===== RECORDS TO USE =====

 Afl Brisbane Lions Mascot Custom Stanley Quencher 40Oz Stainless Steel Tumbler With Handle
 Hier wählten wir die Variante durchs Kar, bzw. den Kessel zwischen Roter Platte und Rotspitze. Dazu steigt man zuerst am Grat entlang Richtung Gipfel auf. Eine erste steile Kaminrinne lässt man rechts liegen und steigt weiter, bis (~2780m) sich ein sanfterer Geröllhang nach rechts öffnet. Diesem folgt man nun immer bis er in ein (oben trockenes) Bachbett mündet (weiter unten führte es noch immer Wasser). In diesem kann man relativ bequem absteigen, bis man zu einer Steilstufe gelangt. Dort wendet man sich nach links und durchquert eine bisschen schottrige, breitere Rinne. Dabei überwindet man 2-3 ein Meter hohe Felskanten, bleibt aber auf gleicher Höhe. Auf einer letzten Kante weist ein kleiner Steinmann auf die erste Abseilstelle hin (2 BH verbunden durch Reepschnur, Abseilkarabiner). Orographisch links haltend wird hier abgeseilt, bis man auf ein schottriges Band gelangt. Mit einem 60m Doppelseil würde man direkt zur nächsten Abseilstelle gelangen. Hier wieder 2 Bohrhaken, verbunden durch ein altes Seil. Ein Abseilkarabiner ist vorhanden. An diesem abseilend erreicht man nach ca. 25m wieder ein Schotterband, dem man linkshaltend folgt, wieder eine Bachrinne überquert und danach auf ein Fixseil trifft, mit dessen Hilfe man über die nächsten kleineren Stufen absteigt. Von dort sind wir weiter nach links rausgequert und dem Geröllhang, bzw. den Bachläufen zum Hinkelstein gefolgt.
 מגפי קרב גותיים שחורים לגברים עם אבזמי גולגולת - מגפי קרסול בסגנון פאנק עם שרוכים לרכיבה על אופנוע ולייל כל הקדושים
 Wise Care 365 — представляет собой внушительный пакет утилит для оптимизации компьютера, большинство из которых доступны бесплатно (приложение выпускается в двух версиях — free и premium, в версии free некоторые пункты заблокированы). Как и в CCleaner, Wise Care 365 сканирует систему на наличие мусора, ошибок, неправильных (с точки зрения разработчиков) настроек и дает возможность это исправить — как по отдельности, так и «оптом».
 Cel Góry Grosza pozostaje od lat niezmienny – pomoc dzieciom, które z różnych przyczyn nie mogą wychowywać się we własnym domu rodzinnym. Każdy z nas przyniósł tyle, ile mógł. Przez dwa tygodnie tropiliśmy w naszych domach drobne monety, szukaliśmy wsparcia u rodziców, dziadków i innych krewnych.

=====
===== RECORDS TO USE =====

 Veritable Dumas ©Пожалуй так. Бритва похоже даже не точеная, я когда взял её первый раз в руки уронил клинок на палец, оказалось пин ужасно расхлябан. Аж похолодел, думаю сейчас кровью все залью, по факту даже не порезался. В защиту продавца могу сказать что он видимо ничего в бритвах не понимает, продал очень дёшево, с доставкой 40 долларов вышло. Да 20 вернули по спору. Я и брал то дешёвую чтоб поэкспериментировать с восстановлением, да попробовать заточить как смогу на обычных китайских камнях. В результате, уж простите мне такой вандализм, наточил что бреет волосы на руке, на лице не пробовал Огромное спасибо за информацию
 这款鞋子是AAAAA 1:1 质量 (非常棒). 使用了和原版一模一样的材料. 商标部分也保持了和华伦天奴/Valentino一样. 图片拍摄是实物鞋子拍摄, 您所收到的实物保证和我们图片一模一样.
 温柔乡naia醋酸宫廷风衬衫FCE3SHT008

=====

Retype only the stretch of lines above starting at the one with "Hier wählten wir" and stopping at the one with "Wise Care 365 —", exactly as written, with both kept.

 Hier wählten wir die Variante durchs Kar, bzw. den Kessel zwischen Roter Platte und Rotspitze. Dazu steigt man zuerst am Grat entlang Richtung Gipfel auf. Eine erste steile Kaminrinne lässt man rechts liegen und steigt weiter, bis (~2780m) sich ein sanfterer Geröllhang nach rechts öffnet. Diesem folgt man nun immer bis er in ein (oben trockenes) Bachbett mündet (weiter unten führte es noch immer Wasser). In diesem kann man relativ bequem absteigen, bis man zu einer Steilstufe gelangt. Dort wendet man sich nach links und durchquert eine bisschen schottrige, breitere Rinne. Dabei überwindet man 2-3 ein Meter hohe Felskanten, bleibt aber auf gleicher Höhe. Auf einer letzten Kante weist ein kleiner Steinmann auf die erste Abseilstelle hin (2 BH verbunden durch Reepschnur, Abseilkarabiner). Orographisch links haltend wird hier abgeseilt, bis man auf ein schottriges Band gelangt. Mit einem 60m Doppelseil würde man direkt zur nächsten Abseilstelle gelangen. Hier wieder 2 Bohrhaken, verbunden durch ein altes Seil. Ein Abseilkarabiner ist vorhanden. An diesem abseilend erreicht man nach ca. 25m wieder ein Schotterband, dem man linkshaltend folgt, wieder eine Bachrinne überquert und danach auf ein Fixseil trifft, mit dessen Hilfe man über die nächsten kleineren Stufen absteigt. Von dort sind wir weiter nach links rausgequert und dem Geröllhang, bzw. den Bachläufen zum Hinkelstein gefolgt.
 מגפי קרב גותיים שחורים לגברים עם אבזמי גולגולת - מגפי קרסול בסגנון פאנק עם שרוכים לרכיבה על אופנוע ולייל כל הקדושים
 Wise Care 365 — представляет собой внушительный пакет утилит для оптимизации компьютера, большинство из которых доступны бесплатно (приложение выпускается в двух версиях — free и premium, в версии free некоторые пункты заблокированы). Как и в CCleaner, Wise Care 365 сканирует систему на наличие мусора, ошибок, неправильных (с точки зрения разработчиков) настроек и дает возможность это исправить — как по отдельности, так и «оптом».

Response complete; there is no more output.